Here I see an amazing capacity to set their mind to something, and then succeeding at it. Singapore. is going to want to be up with the big boys, China, US, and Japan and say we can build advanced computers too. If they keep up that mentality and they continue to have the great support of the government that they have had so far, they may surprise people.
Everybody’s limited by how many watts they can get into the data centre. You get 20x just from doing better architecture. Then you get between 2 and 10x just from using my number system. Put those two together and you are so far beyond anything’s anyone ever seen in a computer even for let’s say 10 million dollars we could beat the fastest supercomputer in the world. It’s not out of the question.

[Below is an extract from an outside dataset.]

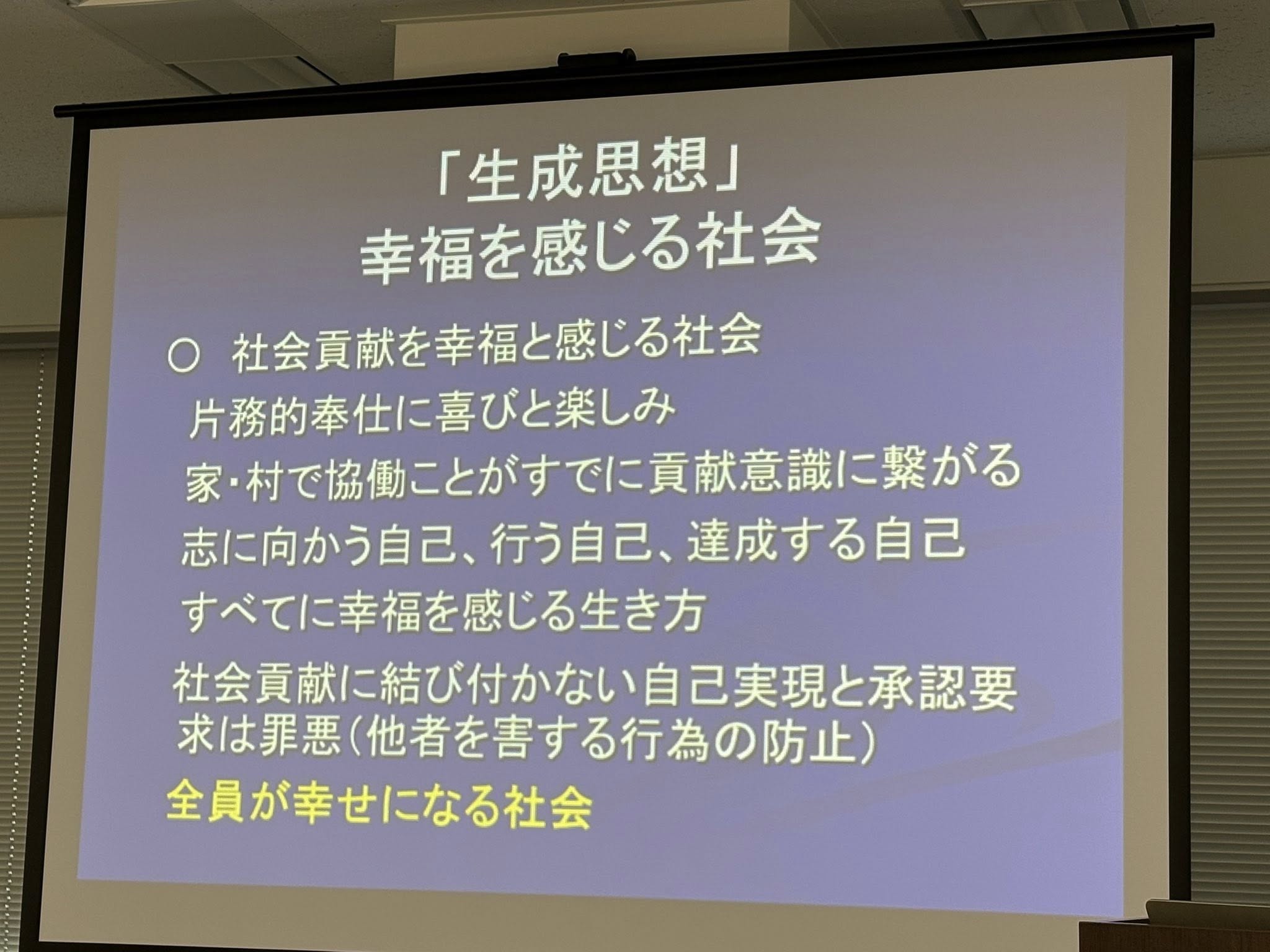 万物万有の生成発展こそが成長という考えであり、生成思想は「宇宙大調和の実現」を目的にしています。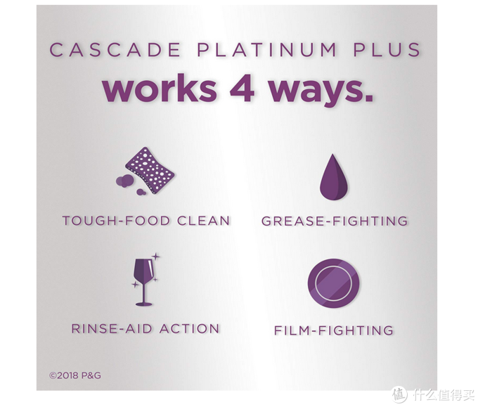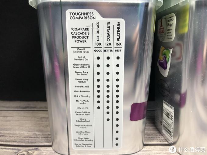 另一侧则是目前Cascade产品能力差异展示图,不光能看到洗涤效果是Best,并且增强了24小时食物固化后、烘焙餐具清洗,特别提到了金属餐具的光亮恢复能力,以及自带清洗洗碗机的能力。茶渍清洗和玻璃光亮效果等就不多说了,普通的Cascade也有。看到这里再次认为16X是代表16种能力,结果一数才15个点,除非是算上了第一个列的总体清洗能力。

Where is the innovation going to come from? Would it come from start-ups or large technology companies or government or academia?
All of them I think. Usually the least innovative are the established companies. They have everything to lose and very little to gain. Usually they have a lab where there is research going on. If they get too uppity and start thinking, “I have a great idea here; let’s change the direction of the company,” then the antibodies squash that down. “You are getting in the way of our main business. And you are wasting resources!”
So they tend not to productise some of their great ideas, even when they are given a sandbox to play in. It’s more likely that a big company has to be overcome by a smaller company that disrupts them, one that takes the chance. So, they come up with something that is incompatible with all the software that’s out there. A few people adopt it and suddenly they see market share going to this small company.
It’s like that with countries, too. A small country like Singapore can do highly innovative things that the largest countries might balk at. This new “drop-in” replacement for floating-point numbers was made possible because of the encouragement of A*STAR to pursue such a radical change.
When I was in the USA, the reaction I got to my attempts to improve computer arithmetic was, “Well, you can’t boil the ocean.” The attitude in Singapore is much more visionary, and for that I am grateful!